The proceeds of the 2016 property sale by the Everlasting Arms Ministries “represented a significant increase in the charity’s income” according to a Charity Commission, which launched an investigation three years later amid concerns over financial controls and management.

This probe found that the charity’s “poor financial management planning meant that it had spent a significant portion of the proceeds of the property sale despite a decrease in other income”.

Between 2016 and 2018 it emerged that the charity spent more than £450,000 on “international outreach”, which included business class travel, five-star hotels as well as payments to partner organisations in China and India.

Because of the charity’s “poor record keeping and financial controls, trustees were unable to demonstrate that all its funds had been spent solely for exclusively charitable purposes”, said the regulator.

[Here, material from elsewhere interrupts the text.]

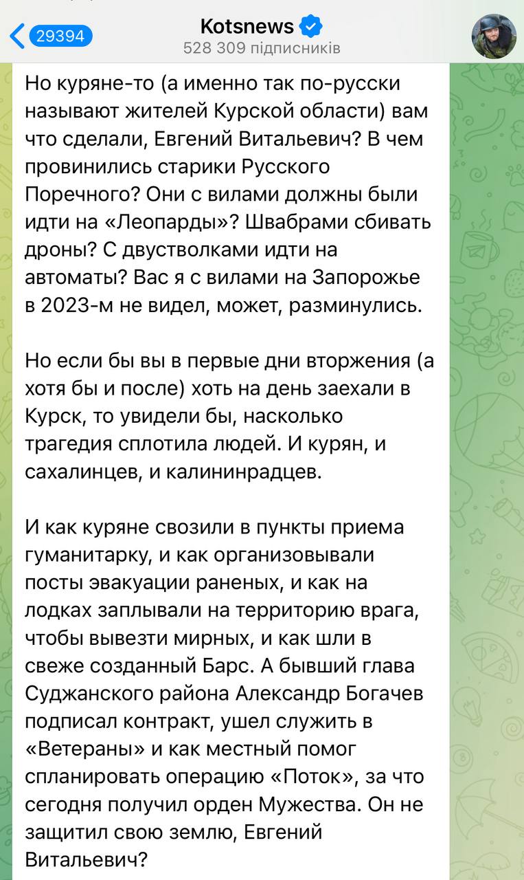 Назначенный Кремлем глава оккупированной части Запорожской области стал мишенью для российских пропагандистов, якобы возмущенных высказыванием Балицкого в адрес жителей Курской области РФ. Соответствующие посты "зэтников" собрал украинский журналист и блогер Денис Казанский, передает "Справжнє".

Concerns are also raised around a hike in salaries, for the charity’s chief executive, who is also its senior pastor, as well as his wife, who is deputy CEO and deputy senior pastor, following the sale of the prime central London property.

His salary increased from £44,536 to £72,000 a year. Meanwhile, his wife’s salary rose from £45,000 to £54,000.

While the senior pastor resigned as a trustee in 2020 he remains the charity’s chief executive. His wife, who had been a trustee for five years until 2006, is still also employed at the charity.

The previous trustee board had four trustees and there are currently five trustees at the charity.

Among concerns was a business class flight for the charity’s deputy senior pastor from London to Ghana that cost £2,580. A charity employee also travelled, but via economy class at a cost of just £548.

In total more than £181,000 was spent by the charity on business class travel between 2015 and 2020.

The charity’s trustee board in 2016 said that “traveling on a mission…can be cumbersome” and that directors and trustees should be “comfortable when travelling” and “should fly business class”.

“Trustees must consider value for money when requiring trustees or employees to travel on behalf of the charity and ensure charity funds are spent in furtherance of the charity’s objects and in the best interest of the charity,” according to the Charity Commission’s investigation.

The property deal looked at saw the charity sell the property to a developer but continue to occupy the building.

The charity’s previous trustee board was found to be responsible for serious mismanagement and/or misconduct in their running of the charity. “How they governed and managed the charity prior to the Commission’s intervention falls well below the standard that the Commission expects,” said the Commission.

But as the previous and current trustee board have cooperated with the inquiry and implemented an action plan of improvements no further action will be taken, added the Commission, although the charity will continue to be supported by an independent financial advisor and be monitored by the regulator.

Charity Commission head of investigations Amy Spiller said: “It is essential that charities have robust financial management in place so the public can trust that all its funds are used in furtherance of charitable objectives.

“With The Everlasting Arms Ministries, a sudden increase in income highlighted failures by its then trustee board to have adequate policies and governance in place.

“In order to prevent further mismanagement, our inquiry had to intervene to freeze the charity’s bank accounts and issue an Action Plan.

“We are pleased that the current trustees have implemented the Action Plan and are committed to improving the charity’s financial management. We will continue to monitor their progress on this matter."